Description of the task: Write the data below out exactly as it stands. Do not include the pictures.

(Collection entries)
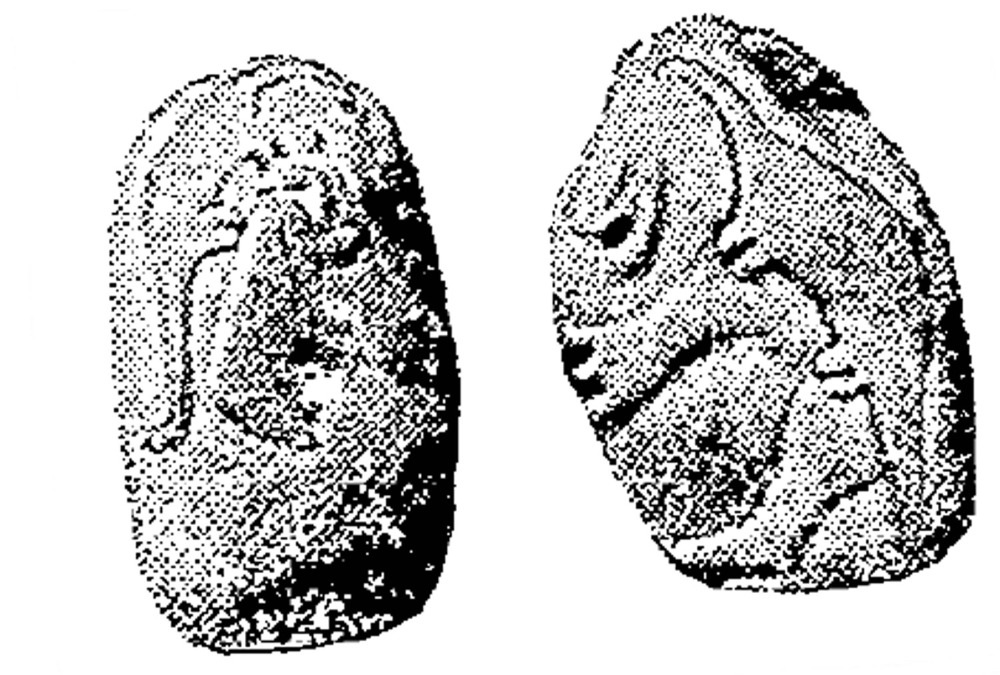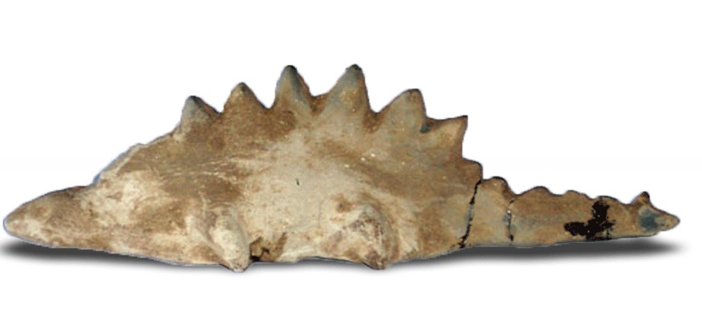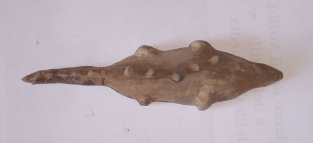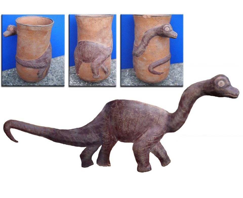 A 1971 landslide in the Girifalco region of southern Italy brought to light hundreds of ancient artifacts of a pre-Greek civilization. A lawyer named Mario Tolone Azzariti asserts that he found some dinosaurian representations among them (pictured below). Below is a terracotta ceramic statue measuring about 18 cm long, shaped remarkably like a Stegosaurus dinosaur. The triangular plates run down its back to the creature’s tail. In the view from above the object reveals a strange curving of the plates, as if the animal had been represented lumbering from side to side. The legs are large and awkward, as if carrying great weight, not at all like those of a lizard. There is also what appears to be a Stegosaurus on a piece of broken pottery. Notice the similarity in the two art pieces, especially the peculiarly small legs.
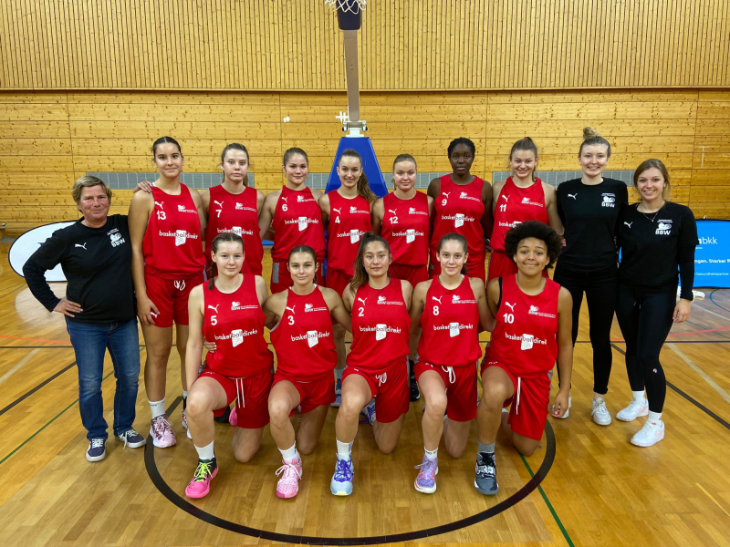 h.R.v.l.n.r.: BBW Landestrainerin Alexandra Maerz, Diana Ivancic (Regioteam Stuttgart), Kira Schakimov (TSV Ettlingen), Sophie Schuster (BSG Ludwigsburg), Paulina Reichenauer (Regioteam Stuttgart), Lucie Zentgraf (BSG Ludwigsburg), Paula Armbrust (BSG Ludwigsburg), Juljana Ehret (USC Freiburg), Assistentin Lea Soltau, Physio Vicky Sautter
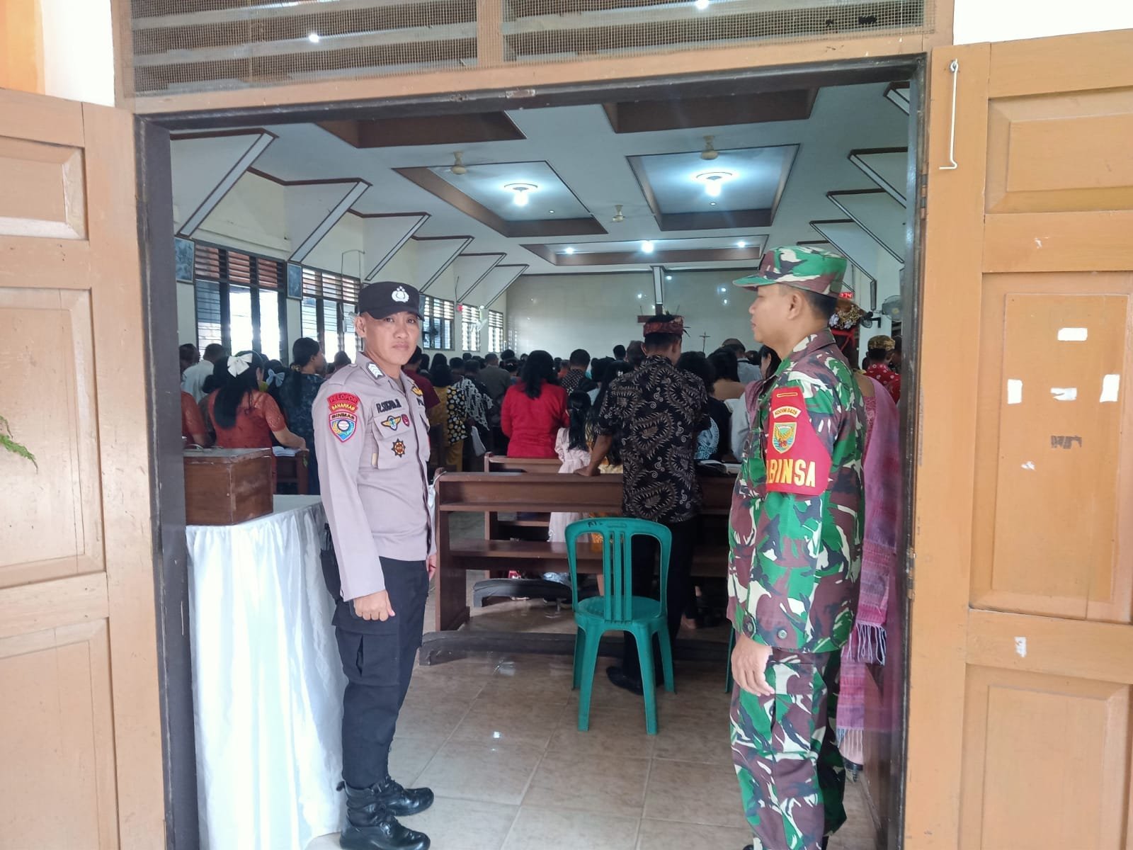 TRIKPOS.COM, LAMPUNG – Aparat gabungan Babinsa Kodim 0429/Lamtim bersama Bhabinkamtibmas Polres Lamtim melaksanakan pengamanan beberapa Gereja yang dijadikan sebagai tempat ibadah Paskah oleh umat Nasrani, Minggu (31/3/2024).
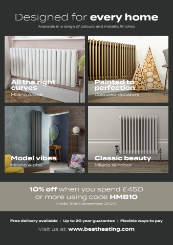 10% off when you spend %u00a3450or more using code HMB10Ends 31st December 2025Available in a range of colours and metallic finishesDesigned for every homeVisit us at: www.bestheating.comFree delivery available | Up to 20 year guarantee | Flexible ways to payAll the rightcurvesMilano ArubaPainted toperfectionColoured radiatorsClassic beautyMilano WindsorModel vibesMilano Alpha
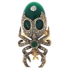 Rubin, Smaragd, Diamant, Chalcedon, Silber, Gelbgold, 9-Karat-Gold
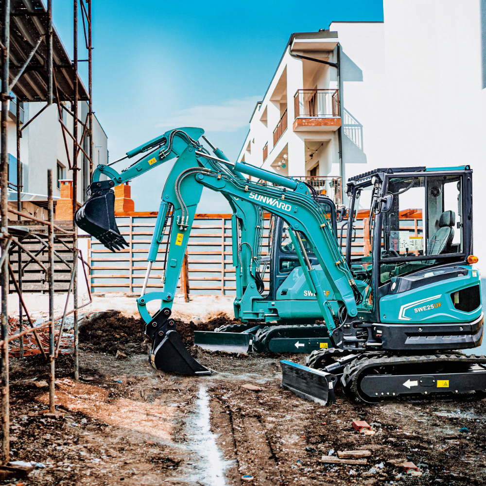 La miniexcavadora Sunward SWE 25UF es la versión sin cola de las miniexcavadoras SWE 25F.
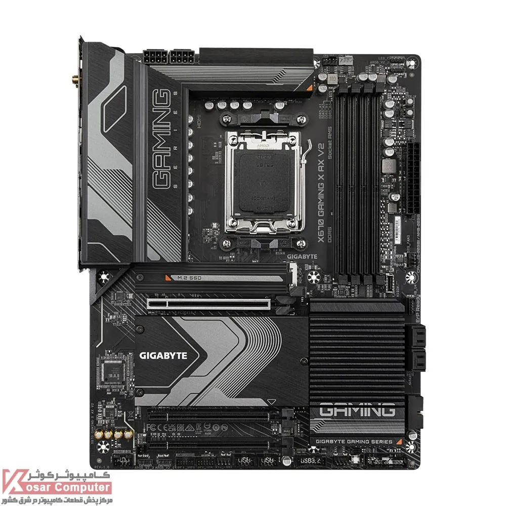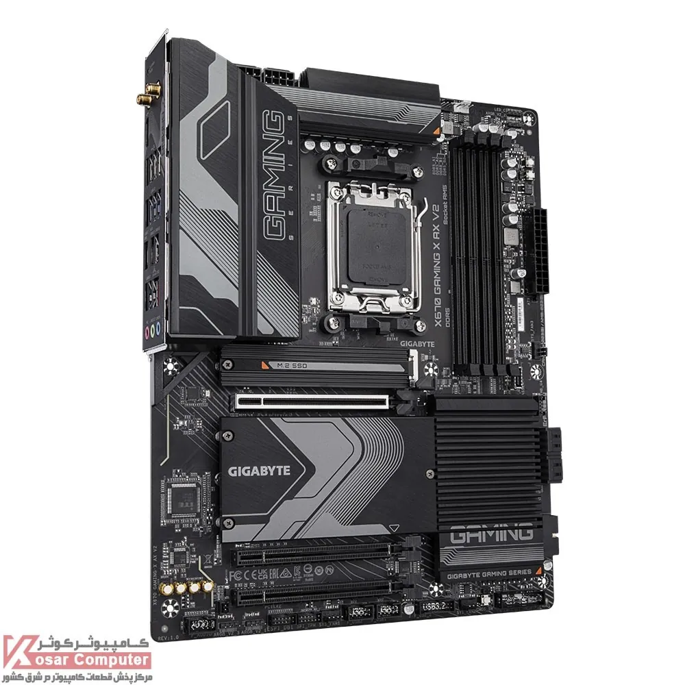 مادربرد ای ام دی DDR5 گیگابایت X670 GAMING X AX V2 از پردازنده های AMD AM5 سری 9000 ، 8000 ، 7000 پشتیبانی می کند.این مادربرد دارای 4 عدد اسلات رم DDR5 است و تا باس 8000 مگاهرتز حافظه رم را می توان روی آن قرار داد.همچنین دارای 4 عدد کانکتور M.2 NME است
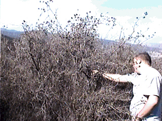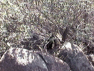 On to Elsinore Peak. We found some rocks at the junction where a dirt road took off. I never went down the road (as did some hunters did). We hurriedly hid T4 in a bush out of site of the road but had to fix the old coat hanger beam first. It was vertical and aimed toward High Peak/Palomar. This should lead anyone falling for my T-1 trick back into the area. T-1 could be heard here.
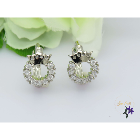 Antiallergén kis koronás gyermek fülbevaló apró fehér cirkóna kövekkel Szin: rodium Méret: 8x6mm Zár: karika belső átmérő 8mm
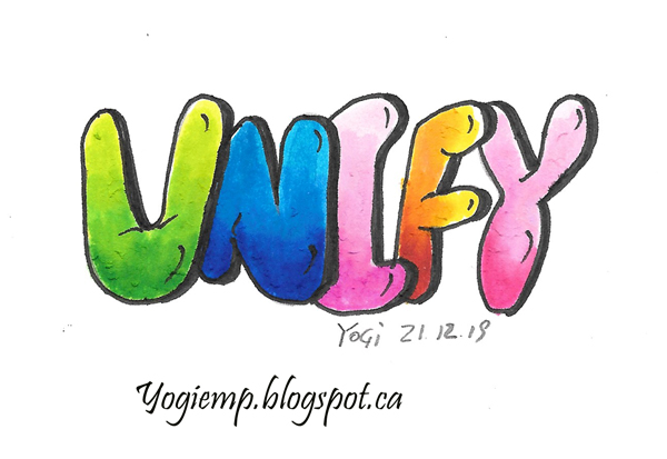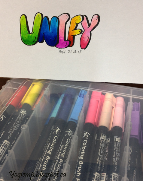 ID: "Unify" I love Graffiti style lettering, all the shadows and highlights they add. Used the Koi watercolor markers (another set of pens I never use...) on 110# Staples cardstock. I used 3 values of colors for each letter. Added the shadows with a Zig Writer.
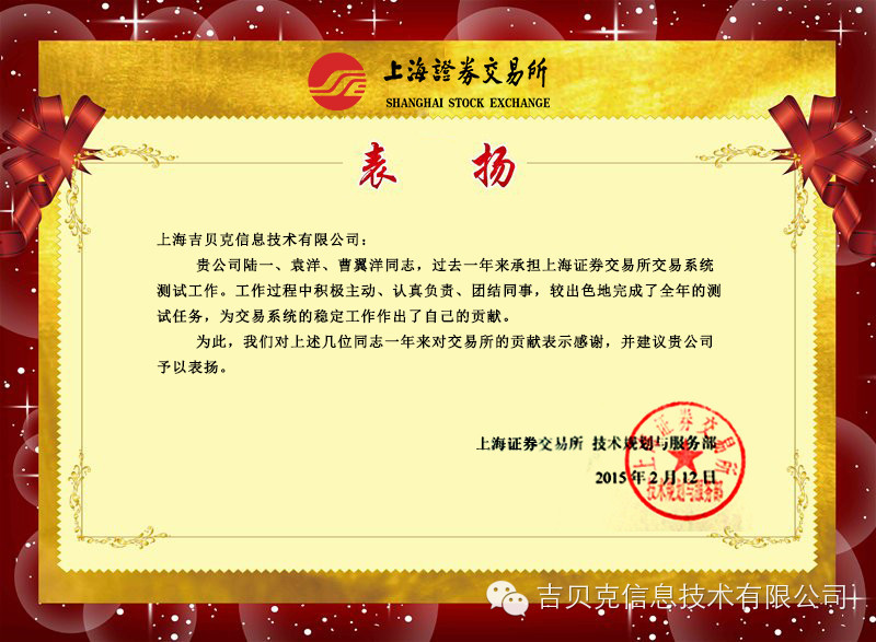 近日,吉貝克喜獲上海證券交易所的表揚信。上證所高度肯定了吉貝克團隊的工作成績。吉貝克在2014年承擔上證所的交易系統(tǒng)測試工作,以嫻熟的技術、優(yōu)質(zhì)的服務為前提,以為客戶創(chuàng)造最高價值為己任,嚴把產(chǎn)品質(zhì)量,為交易系統(tǒng)的穩(wěn)定運行做出了突出的貢獻。信中特別點名表揚了我司陸一、袁洋、曹翼翔同志,稱贊這三位同事積極主動、認真負責、團結同事。
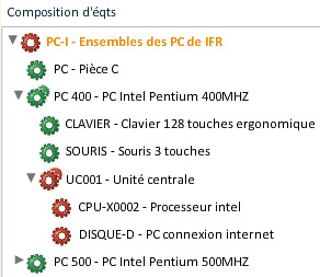 - soit en descendant les compositions, c'est-à-dire en affichant les équipements associés (GCEQ) à l'équipement sélectionné (option "fils") ;
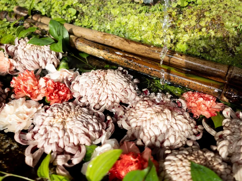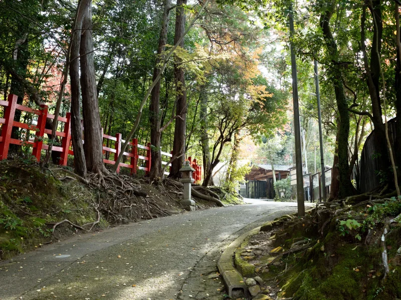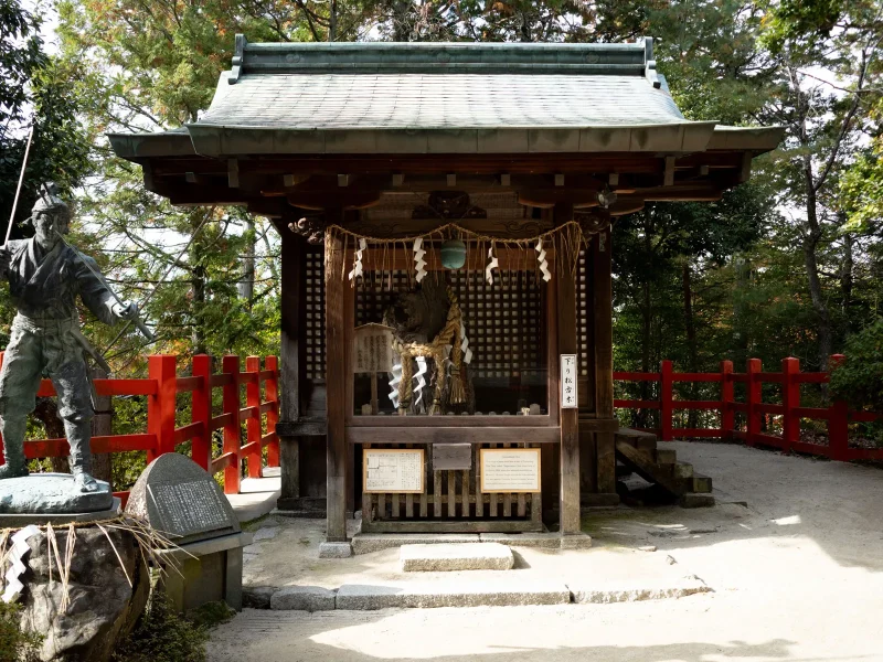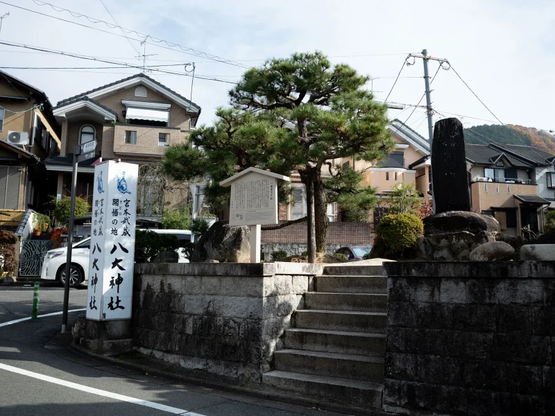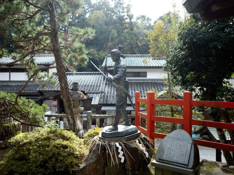 もう少し坂を登った先には、武蔵が決闘前に訪れたと言われている八大神社があります。どうせならそこまで足を伸ばして、武蔵が見たであろう景色をこの目で見てみることに。生きるか死ぬかの大きな決闘を前に、どのような心境だったのだろうと想像を膨らませながら、境内へと続く緩やかな坂道をゆっくりと上りました。八大神社には、代名詞である二刀を構える宮本武蔵像と、決闘当時に植っていた松の木の一部が祀られていました。でこぼことした松の古木には歴史の重みが感じられ、じつに感慨深いものでした。宮本武蔵が好きな方、歴史が好きな方、『バガボンド』ファンにはおすすめのスポットです。

Output for this exercise:
 A 1971 landslide in the Girifalco region of southern Italy brought to light hundreds of ancient artifacts of a pre-Greek civilization. A lawyer named Mario Tolone Azzariti asserts that he found some dinosaurian representations among them (pictured below). Below is a terracotta ceramic statue measuring about 18 cm long, shaped remarkably like a Stegosaurus dinosaur. The triangular plates run down its back to the creature’s tail. In the view from above the object reveals a strange curving of the plates, as if the animal had been represented lumbering from side to side. The legs are large and awkward, as if carrying great weight, not at all like those of a lizard. There is also what appears to be a Stegosaurus on a piece of broken pottery. Notice the similarity in the two art pieces, especially the peculiarly small legs.
 h.R.v.l.n.r.: BBW Landestrainerin Alexandra Maerz, Diana Ivancic (Regioteam Stuttgart), Kira Schakimov (TSV Ettlingen), Sophie Schuster (BSG Ludwigsburg), Paulina Reichenauer (Regioteam Stuttgart), Lucie Zentgraf (BSG Ludwigsburg), Paula Armbrust (BSG Ludwigsburg), Juljana Ehret (USC Freiburg), Assistentin Lea Soltau, Physio Vicky Sautter
 TRIKPOS.COM, LAMPUNG – Aparat gabungan Babinsa Kodim 0429/Lamtim bersama Bhabinkamtibmas Polres Lamtim melaksanakan pengamanan beberapa Gereja yang dijadikan sebagai tempat ibadah Paskah oleh umat Nasrani, Minggu (31/3/2024).
 10% off when you spend %u00a3450or more using code HMB10Ends 31st December 2025Available in a range of colours and metallic finishesDesigned for every homeVisit us at: www.bestheating.comFree delivery available | Up to 20 year guarantee | Flexible ways to payAll the rightcurvesMilano ArubaPainted toperfectionColoured radiatorsClassic beautyMilano WindsorModel vibesMilano Alpha
 Rubin, Smaragd, Diamant, Chalcedon, Silber, Gelbgold, 9-Karat-Gold
 La miniexcavadora Sunward SWE 25UF es la versión sin cola de las miniexcavadoras SWE 25F.
 مادربرد ای ام دی DDR5 گیگابایت X670 GAMING X AX V2 از پردازنده های AMD AM5 سری 9000 ، 8000 ، 7000 پشتیبانی می کند.این مادربرد دارای 4 عدد اسلات رم DDR5 است و تا باس 8000 مگاهرتز حافظه رم را می توان روی آن قرار داد.همچنین دارای 4 عدد کانکتور M.2 NME است
 On to Elsinore Peak. We found some rocks at the junction where a dirt road took off. I never went down the road (as did some hunters did). We hurriedly hid T4 in a bush out of site of the road but had to fix the old coat hanger beam first. It was vertical and aimed toward High Peak/Palomar. This should lead anyone falling for my T-1 trick back into the area. T-1 could be heard here.
 Antiallergén kis koronás gyermek fülbevaló apró fehér cirkóna kövekkel Szin: rodium Méret: 8x6mm Zár: karika belső átmérő 8mm
 ID: "Unify" I love Graffiti style lettering, all the shadows and highlights they add. Used the Koi watercolor markers (another set of pens I never use...) on 110# Staples cardstock. I used 3 values of colors for each letter. Added the shadows with a Zig Writer.
 近日,吉貝克喜獲上海證券交易所的表揚信。上證所高度肯定了吉貝克團隊的工作成績。吉貝克在2014年承擔上證所的交易系統(tǒng)測試工作,以嫻熟的技術、優(yōu)質(zhì)的服務為前提,以為客戶創(chuàng)造最高價值為己任,嚴把產(chǎn)品質(zhì)量,為交易系統(tǒng)的穩(wěn)定運行做出了突出的貢獻。信中特別點名表揚了我司陸一、袁洋、曹翼翔同志,稱贊這三位同事積極主動、認真負責、團結同事。
 - soit en descendant les compositions, c'est-à-dire en affichant les équipements associés (GCEQ) à l'équipement sélectionné (option "fils") ;
 もう少し坂を登った先には、武蔵が決闘前に訪れたと言われている八大神社があります。どうせならそこまで足を伸ばして、武蔵が見たであろう景色をこの目で見てみることに。生きるか死ぬかの大きな決闘を前に、どのような心境だったのだろうと想像を膨らませながら、境内へと続く緩やかな坂道をゆっくりと上りました。八大神社には、代名詞である二刀を構える宮本武蔵像と、決闘当時に植っていた松の木の一部が祀られていました。でこぼことした松の古木には歴史の重みが感じられ、じつに感慨深いものでした。宮本武蔵が好きな方、歴史が好きな方、『バガボンド』ファンにはおすすめのスポットです。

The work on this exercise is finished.